Friday 9 December 2011

Too Yellow To Undo

This heady time of year the wattles flood,
Leaving come-scums of yellow flotsam
In the gullies, as though August
Were a savage river of airy sweetness
Filling those hollows scraped and
Scoured by the sharp-edged wait of winter.
Lean goats in hungry paddocks
The colour of their own salted curd
Stand on feisty legs
And strain as greedy as brides might strain
For the tender bluish feathers;
Their soft-muzzled mouths
Powdered with orgies of blossom.
***
Where suede leathering of wattle feather-froths the gully
The bush is crusted with a yellow as greasy as linseed or
Museum oxide tingling under a purple light.
Silver-eyes scoot up and down, all homeless boys
On skateboards; and nearby geese heckle with the sorry
Grace of a Catholic football crowd.
A posh throat on the hill calls toodle-pip! toodle-pip!
A boarding school plum in its mouth; and all the air
Around full of grating bird-hinges needing oil.
Other tiny bird-beasts space themselves on a clothesline-
Snapped wooden between winter-stained pegs,
And a wren hops, below, as though tweaked on a string.
Fowls jut their chins and very-‘umble, leaving the slide-show
Too early.

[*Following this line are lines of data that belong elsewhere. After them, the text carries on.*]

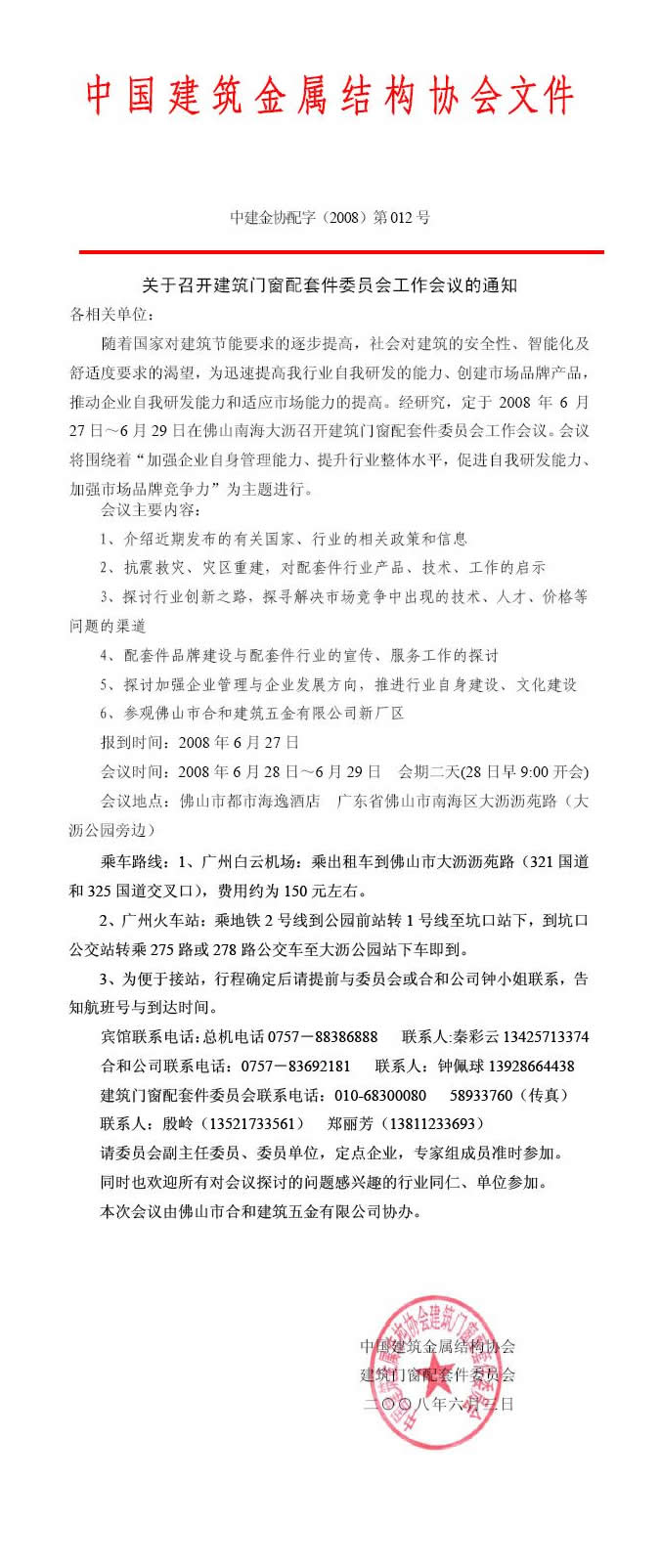 關(guān)于召開建筑門窗配套件委員會工作會議的通知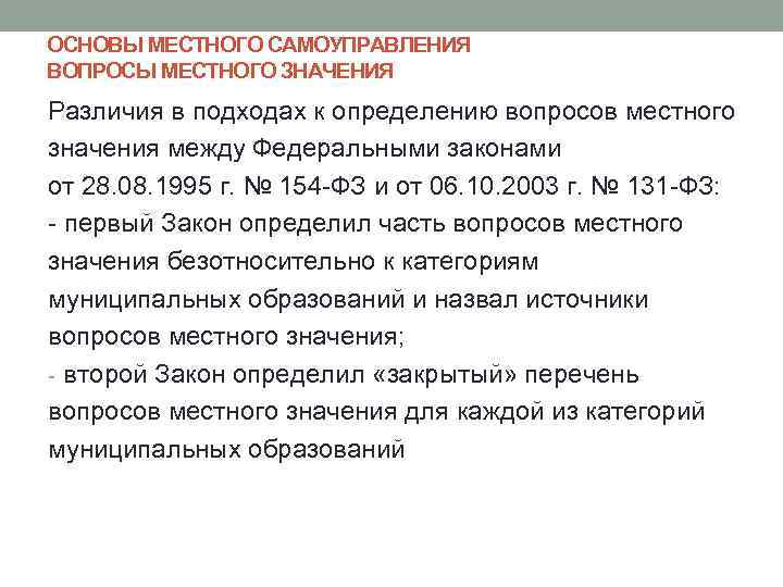 ОСНОВЫ МЕСТНОГО САМОУПРАВЛЕНИЯ ВОПРОСЫ МЕСТНОГО ЗНАЧЕНИЯ Различия в подходах к определению вопросов местного значения между Федеральными законами от 28. 08. 1995 г. № 154 -ФЗ и от 06. 10. 2003 г. № 131 -ФЗ: - первый Закон определил часть вопросов местного значения безотносительно к категориям муниципальных образований и назвал источники вопросов местного значения; - второй Закон определил «закрытый» перечень вопросов местного значения для каждой из категорий муниципальных образований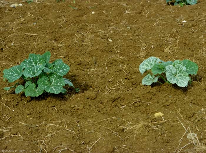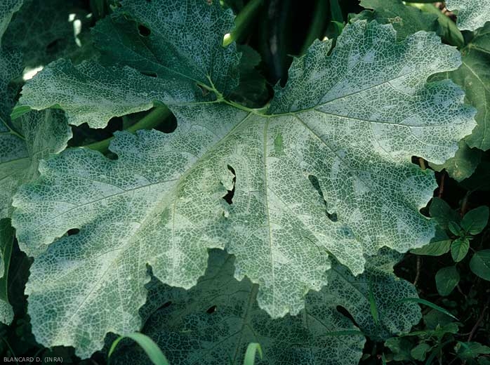 The 3 main species Cucurbita cultivated can show silvering symptoms: C. pepo , C. maxima and C. moschata , but also wild species like C. ecuadorensis and C. martinezii . Nevertheless, differences in sensitivity to the silvering have been observed in species Cucurbita . Cucumber, melon and watermelon are not affected.

Did you hear the boobook call the time
With the shumble-mouthing of a misplaced wireless?
There are chinks of ice moonstoning the grass, and blue smoke
Silks upward from a chimney, like strong spirits
Into water, aniseeding the bite of the air,
Cloudy-ing it, the morning sky a haze of spring-grass milking,
As though someone has spilt the fatcream, smearing a burning
Lantern lightness in the deepness of a cooling-trough.
That plastic bucket is a dry joke that a crazed one-eared
Painter might spend years of his life quizzing; and it
Would still bucket there when he died, being too yellow to undo.
***
A heifer mourns by the roadside, her bewildered face
Outlined with the sable-strokes of desire;
Her hind-quarters a sunrise of longing.
The willows in the creekbed are still leafless,
But aching in the groin, with that
Bursting out of the skin with lust-
Filling the gully with the sweet yeasty cloy
Of longing longing longing…
Even the sound wetting your tongue
And making your eyes brim with
The coursing of bright blood in your tight veins…
Bright as a blind whore’s plum-poisoned mouth;
Bright as a bright boy-boy eye, tinkered with black;
Bright as beautiful…another whisper-word
That touches your mouth with its own whist.
O beautiful!
You freshen my eyes the way high freshets…
The way wild freesias…
And the blue sky blown huge by some blue breath-god…
My eyes never tire, though they know
It is not a virtue, your Beauty,
But a fact. You wear it like a tattoo
Burnt on you at birth.
And I couldn’t love it, but could watch it
All the live-longing day, passing over you-
A thousand different shimmering shy masks.
And my eyes would never tire.
It is the other one who makes me bleary-tired:
Who makes my dull old heart ache.
I know the matte truth of him in a thousand slow ways,
And when I look at him, my eyes weigh tired
With his big ordinariness, his dear unloveliness.
And when he sees me sudden, and he smiles upwards,
The mask of beauty that doesn’t belong
Passes over his upturned face like a sly cloud-shadow
And it makes me love, with its canny swift cloud-tricks.
It’s the homely man
Who cracks the frosted mirror of your heart.
The dreamy time of year…
The cool kept sweetness in a woman’s deep fastnesses
Wells up and trickles brackish, then rushes
Clean along unlit stone pathways and granite ravines
Gone belly-sour with waiting-
Filling the shaded and fronded hollows
Neglected by a long long winter.
Woman’s throat skin has faded, in the dark,
To the colour of her own salt.
Lie your weight down here, now;
Your length there on her ah! blued feathers;
Your soft-muffled mouth
Licked with yellow blossoms.
Nuzzle, now, the tangy hollows
Abandoned at last by the long, dry spell.